Centrifugal pumps are important industrial components that are used to move fluids in petroleum, hydraulic, agriculture, and gas industries. One of the main problems with centrifugal pumps is corrosion and abrasion due to high working speed and corrosive liquids [1–3]. Repair welding is done specially at the inner layer of casing to restore the damaged areas [2–4].

One of the most favorable materials for manufacturing the casing is cast iron. Cast iron advantages are low melting temperature, machinability, low price, and high damping capacity. As a disadvantage, it has poor weldability. On the other hands, welding is one of the most important processes to repair and recover the damage in cast iron instruments. Martensitic phase and brittle iron carbide growth are two main problems of cast irons welding [5–8]. Pouranvari [9] concluded that formation of carbides and martensitic phase in the fusion zone are prevented by using the Ni filler material. He also concluded that preheating to 573K (300°C) result in forming bainitic HAZ and discontinuous carbides [8]. Also there are other problems associated with welding of gray cast iron. Ghaini et al. [5] showed that residual stresses can control the crack generation during the welding process in ductile cast iron. They also used powder welding process to characterize the kind of crack formed in welding process. He claimed that the cracks in powder welding process are differing in morphology from the cold cracks in the case of arc welding of ductile cast irons [10].

Ebrahimnia et al. [11] have also studied the effect of cooling rate on micro cracks in the heat affected zone (HAZ) of ductile cast iron. They expressed that the cracks generated at interface of graphite and propagate through martensitic matrix.

Winiczenko and Kaczorowski [12] used friction welding of ductile iron with stainless steel. They concluded that friction welding is accompanied by a transport of atoms in both directions across the ductile iron-stainless steel interface. They showed the maximum length of Cr and Ni diffusion in cast iron is 50μm and the bainitic matrix improves this transition.

Thorntona et al. [13] studied the effect of cryogenic processing on the wear resistance of gray cast iron.

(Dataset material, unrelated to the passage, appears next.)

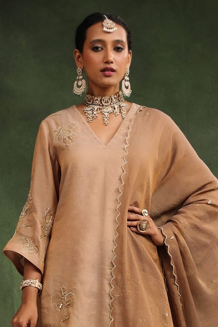 Peachish brown kurta featuring a V-neck, flared sleeves, and placement floral embroidery. Paired with a tiered gharara and scallop hem embroidered dupatta.

They concluded that the wear rate of gray cast iron can improve from 9.1 to 81.4%, due to the depth of cryogenic treatment.

The wear behavior of ductile cast iron was investigated by Fontanari et al. [14]. They have concluded that both the lubrication condition and the microstructure of materials have a strong effect on crack initiation and propagation. They showed that the graphite nodules, as well as the ferritic phase influence the subsurface crack initiation, their preferential propagation and branching [14].

A common method for repair welding of cast iron is shielded metal arc welding (SMAW). This method is rather cheap and easy. In this method, usually carbon steel fillers are used to repair the damaged areas [2–4]. However, using filler materials increases the risk of galvanic corrosion and welding must be performed under controlled condition when the environment is corrosive.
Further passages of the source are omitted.